Grief and parental instincts in the animal kingdom

I don’t think the parental instinct exists in all creatures. And yes, I think the maternal instinct is more universal among the animal kingdom, but I chanced to witness a glimpse this morning of the parental instinct of Florida Sandhill Cranes.

Florida’s sandhill cranes are a protected species. They aren’t endangered, exactly, but their natural habitat has largely been lost to urban development and sprawl. So that makes them protected, I guess. And their protected status means there’s a hefty fine attached to causing them harm.

A Florida Sandhill Crane family crossing the road near our house, taken April 25, 2012

Anyway, there’s a little family of four that The Boy and I often see in the mornings and occasionally on our way home from school. I love seeing these family units.
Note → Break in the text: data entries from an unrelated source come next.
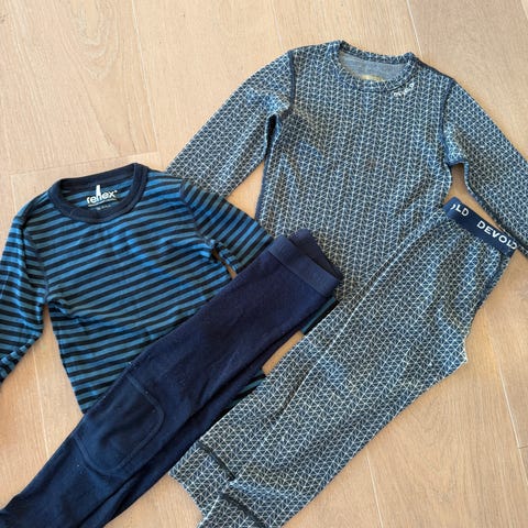 Ingen hull. Normal slitasje. En overdel og en underdel fra Norheim, to underdelen fra Refleks med knelapper og en overdel fra Devold. Alt størrelse 98-104 eller 104. Devoldtrøya er størrelse 4 år. Den er bare litt lenger i livet enn 104'n faktisk (Se bilde).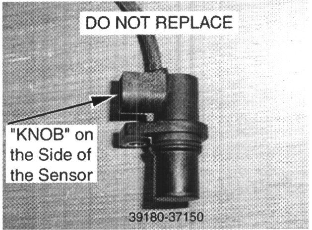 IF: The wiring of the CKP sensor comes out straight from the top of the sensor (as shown in the picture) AND DOES NOT have a 90 degree plastic "knob" at the top of the sensor, then REPLACE the sensor, following the instructions below.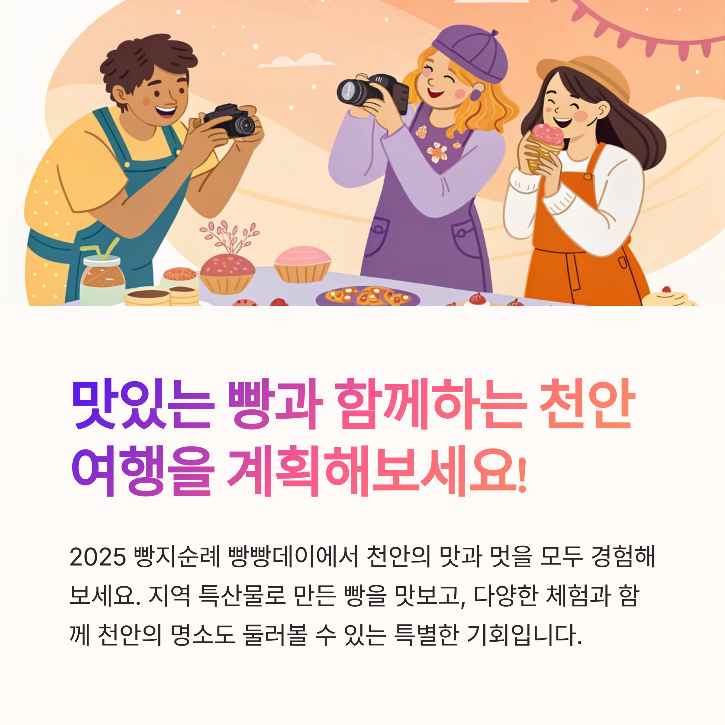 2025 빵지순례 빵빵데이는 천안의 자랑스러운 지역 농산물을 활용한 특별한 빵들을 맛보고, 참여 제과점에서 다양한 혜택을 누릴 수 있는 특별한 행사입니다. 단순히 빵을 맛보는 것을 넘어, 천안의 숨겨진 명소들을 탐방하며 미식과 여행을 동시에 즐길 수 있는 기회를 제공합니다.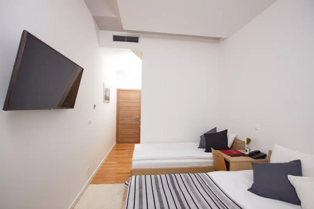Opremljena je flat SMART TV-om sa satelitskim prijemnikom, telefonom sa direktnom linijom te minibarom za osvježenje nakon dugog putovanja. Daljinski upravljane rolete na prozorima omogućuju potpuno zamračenje prostorije.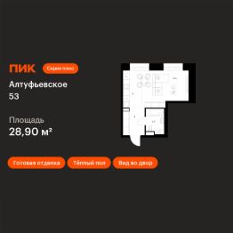 Продаётся квартира-студия площадью 28,9 кв.м на 27 этаже 32 этажного дома (Корпус 1.1, Секция 4) проекта ПИК Алтуфьевское 53. Светлый просторный подъезд на уровне земли, функциональная планировка, большие окна, c отделкой.
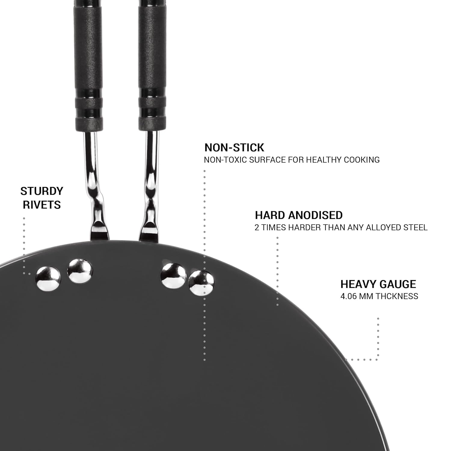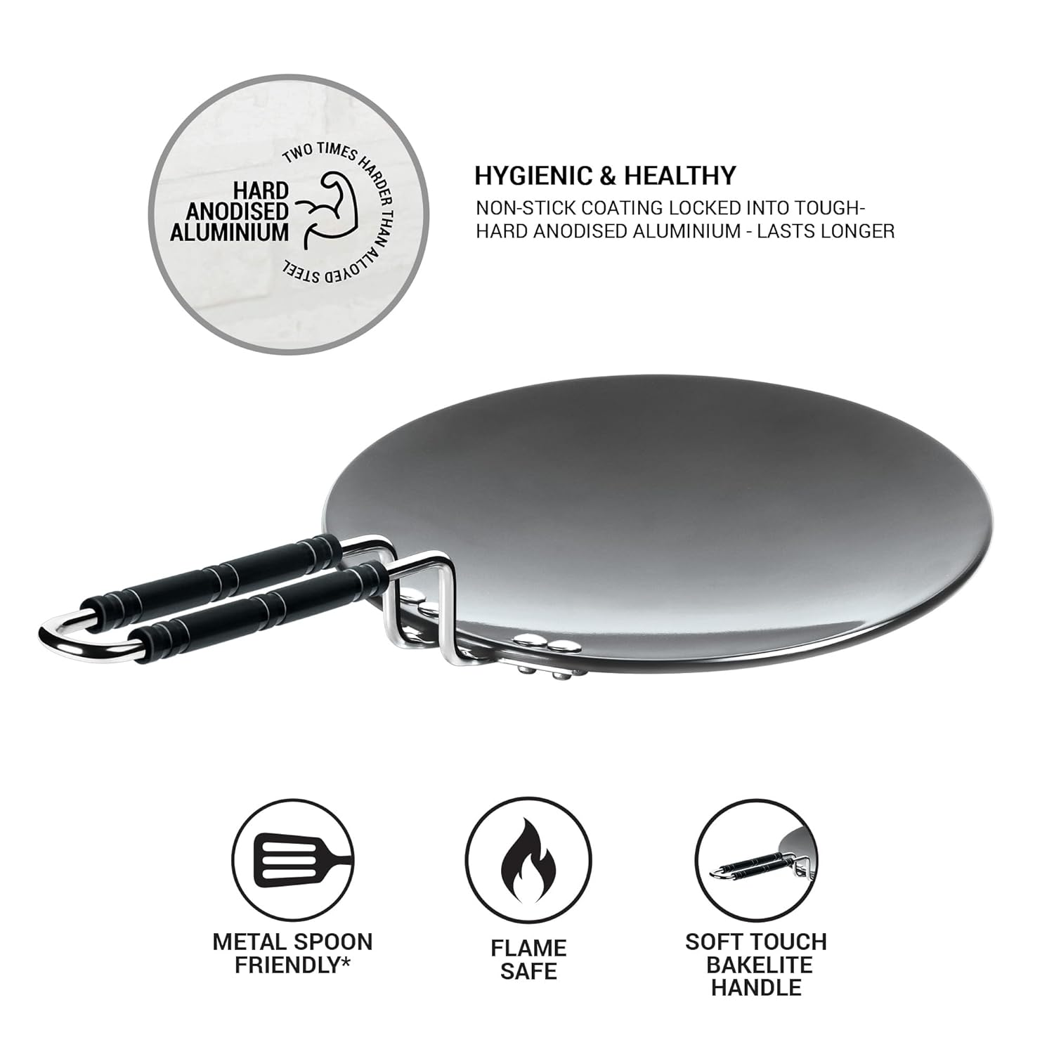 * Made with Pride: Crafted with precision from Hard Anodized Aluminium, this tawa features a 5 mm thick base that ensures superior heat distribution, allowing for even cooking without hot spots. The robust construction guarantees lasting performance, making it ideal for daily use.

Not only are the birds so beautiful and incredibly graceful on their long, spindly legs, but you almost always see them in pairs or traveling as a full family unit.

This morning was heartbreaking, though, as I saw two adult cranes standing in the middle of the road. At their feet were the bodies of their two offspring, their little bodies having been crushed just minutes before by an unobservant motorist. When I saw the cranes standing stalwart in the road, I slowed to see if the chicks were only injured; if that was the case, I would have tried to help them. But the chicks just lay there in their own blood, unmoving, while their parents helplessly stood guard.

I’ve heard of mares that birth stillborn foals and faithfully stand watch over their babies, waiting for them to wake up and begin nursing. Sometimes this lasts for hours; sometimes it can be as long as a day. But in every case, the mare needs to go through a mourning period to fully process her loss.

I wondered during my morning commute if the sandhill cranes needed a similar mourning period.  And then I wondered if I would still see them waiting there on my way home this afternoon.

The Boy, thankfully, did not see the chicks this morning; he only saw the adult birds standing in the road. He did, however, hear me gasp and say, “Oh, poor Mommy and Daddy birds!” When he asked what happened, I explained that the two baby birds were hit by a car and that the mommy and daddy birds were watching over them.

“I think the baby birds will be okay,” he assured me.

“I hope so,” I replied.

“You know, Mom,” he said with the knowledgeable confidence only a 5-year-old possesses, “playing in the street is very dangerous. Those baby birds should have stayed on the sidewalk.”

Well, yes, I suppose that’s one way to look at it.